┌─ Collected material
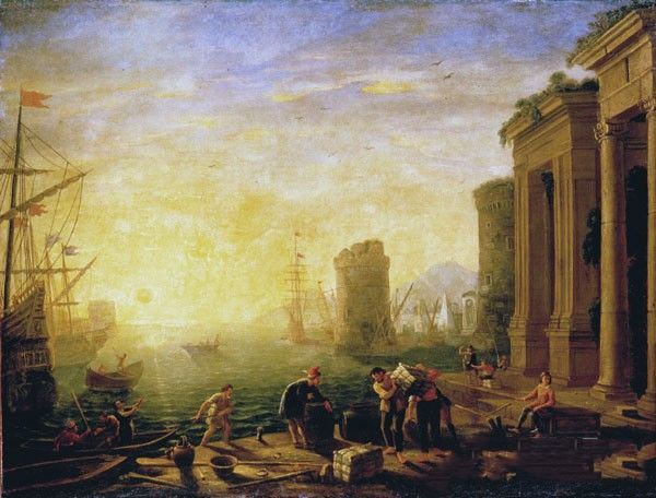 洛兰作品介绍:全名克劳德·洛兰,外文名Claude Lorrain,生于1600年,卒于1682年,法国著名风景画画家。他出生于法国东北部农村,曾做过食品工人,但其一生大部分时间也在意大利度过,克劳德·洛兰终生醉心于海景和意大利风景,克劳德·洛兰对罗马那些有古代遗迹的景色进行过大量的研究的描绘。普桑在风景画中追求哲理性,而洛兰却追求的是抒情的气氛。普桑作品中更多的是清晰、明朗和宁静,洛兰作品却常常显露出雾气迷蒙,光色炫目的效果。他的风景画是理想与梦幻的世界,是一种人为美化的景色,它唤起人们向往美好的情感。后来欧洲人常常以洛兰描绘的理想化风景为标准,寻找或布置洛兰式的风景园林。
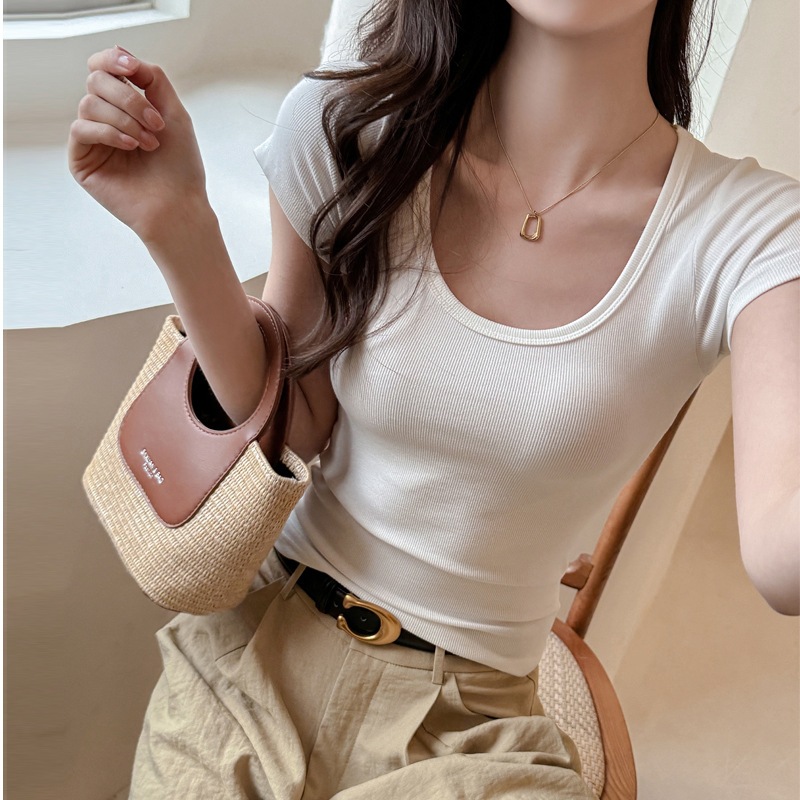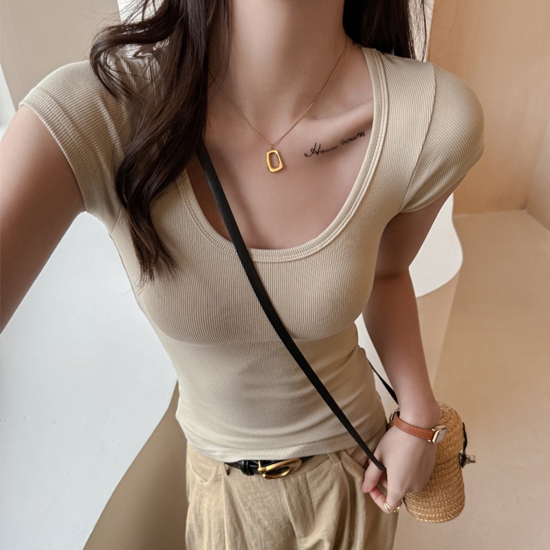 Tシャツ レディース トップス 無地 深め Uネック 半袖 綿 選べる サイズ 美シルエット タイト フィット セクシー カットソー シンプル オフィス カジュアル 骨格ストレート インナー 重ね着
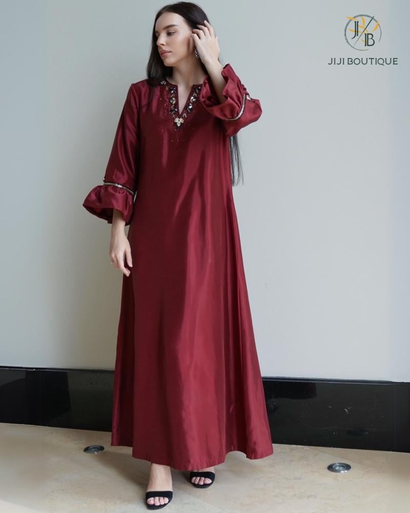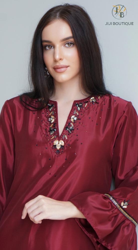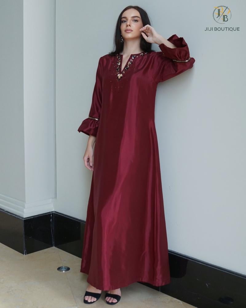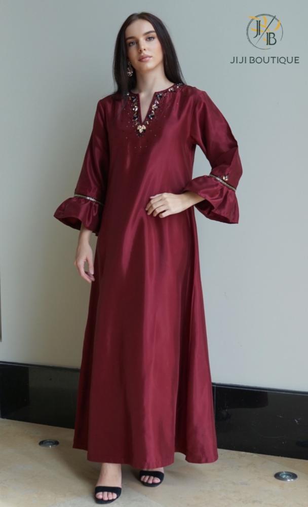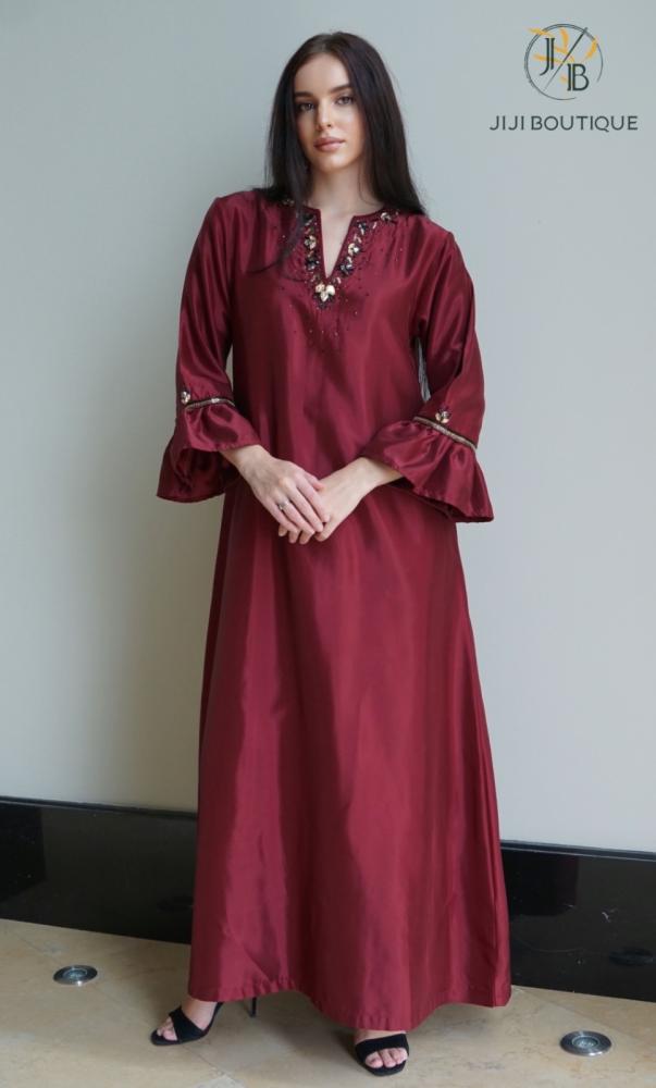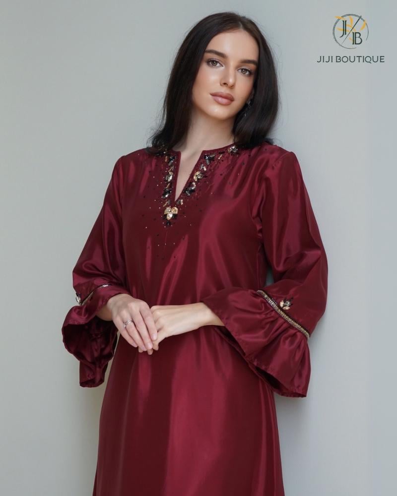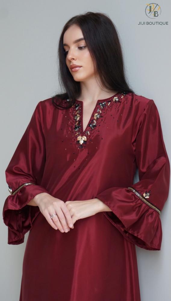 ثوب العيد فخم و أنيق مشكوك بالكريستال من الصدر و الأكمام
└─
Prompt:
Extract the full listing exactly, with the pictures left out.

Answer box:
 洛兰作品介绍:全名克劳德·洛兰,外文名Claude Lorrain,生于1600年,卒于1682年,法国著名风景画画家。他出生于法国东北部农村,曾做过食品工人,但其一生大部分时间也在意大利度过,克劳德·洛兰终生醉心于海景和意大利风景,克劳德·洛兰对罗马那些有古代遗迹的景色进行过大量的研究的描绘。普桑在风景画中追求哲理性,而洛兰却追求的是抒情的气氛。普桑作品中更多的是清晰、明朗和宁静,洛兰作品却常常显露出雾气迷蒙,光色炫目的效果。他的风景画是理想与梦幻的世界,是一种人为美化的景色,它唤起人们向往美好的情感。后来欧洲人常常以洛兰描绘的理想化风景为标准,寻找或布置洛兰式的风景园林。
 Tシャツ レディース トップス 無地 深め Uネック 半袖 綿 選べる サイズ 美シルエット タイト フィット セクシー カットソー シンプル オフィス カジュアル 骨格ストレート インナー 重ね着
 ثوب العيد فخم و أنيق مشكوك بالكريستال من الصدر و الأكمام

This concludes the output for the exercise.